The syllabi of these four courses can be downloaded here: (They are in German, part of the reading lists are in English, too.)
- Programm Anarchismus 2005-06.pdf
- Programm Edle Wilde 2007.pdf
- Programm (Anti)Kapitalismus.pdf
- Programm Anarchismus Reloaded.pdf
Trying to subvert top-down normalities
Luckily, I was able to learn a little bit. I tried to restructure my seminars so shyness does not prevent people from participating, and the content of the books read can somehow be related to the experience in the seminar room. None of my seminars ever became truly anti-capitalist or anarchistic, which I think is impossible in a hierarchical university that is an integral part of capitalism (and increasingly so). The best congruence between radical content and teaching form was reached in a seminar on participatory democracy; I will come to this main example of my experiments shortly. Why and where did I learn other ways of teaching? There were some eye-openers; and then I actually have been taught in advanced trainings how to activate students.

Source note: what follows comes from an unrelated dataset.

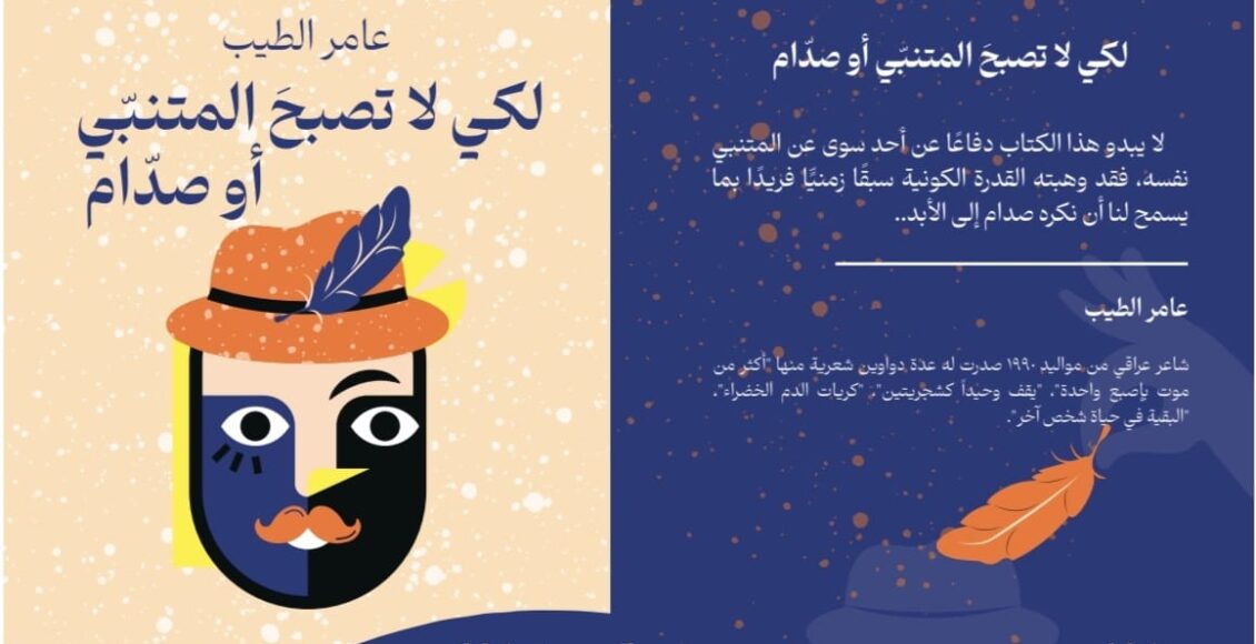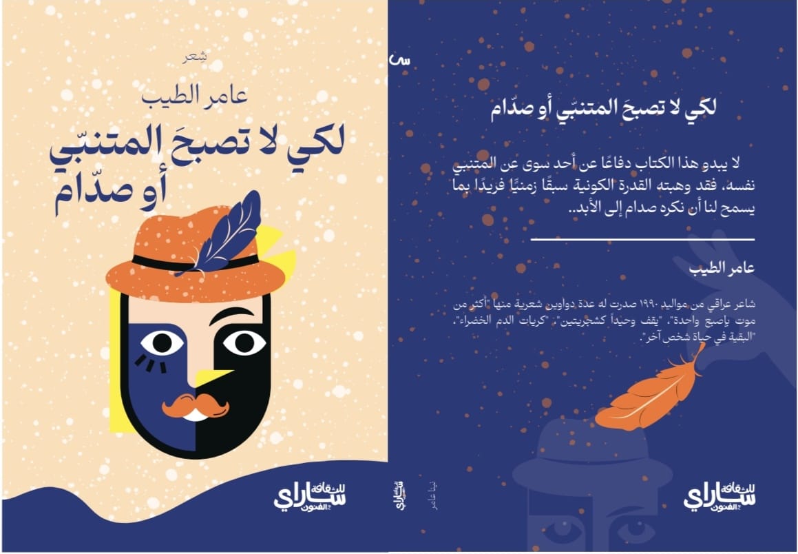 صدر كتاب شعري جديد للشاعر العراقي عامر الطيب بعنوان “لكي لا تصبح المتنبي أو صدام” ضمن مؤسسة “ساراي” الثقافية وهو الكتاب الذي سيشارك في معرض القاهرة الدولي للكتاب في دورة هذا العام.

The most important eye-openers have been the students themselves. In 2009, they protested against tuition fees and occupied the Audimax (the biggest lecture hall of the university) for several weeks. I was asked to give a lecture there (on ideology), and before doing that, I visited the Audimax to see what was going on there. I saw that they managed to discuss difficult questions in a room full of hundreds of people with differing opinions. It was not fast or orderly, but it was not as chaotic or prone to unofficial leadership as I had expected. They used the hand signs that seem to spread around since the G8 summit near Rostock in 2007 (you know: joggling the open hands to approve, crossing the arms to block a consensus etc.). I had seen this before only once: at the Anarchist Studies Network Conference 2008 in Loughborough, UK—which was the other eye-opener. There I missed the panel session on “listening”, but I was happy to listen to some participants at the evening in the pub. This made me think about the role I usually play in the seminar rooms. This role was always partly discomforting to me—it was also empowering, because it gave me power, but it was a power over others that often felt kind of ugly to me. I did not know of viable alternatives that can empower all concerned people. After conversing with other scholars of anarchism and after seeing students making use of techniques originating from radical anti-capitalist activism, I felt the urge to change my teaching style.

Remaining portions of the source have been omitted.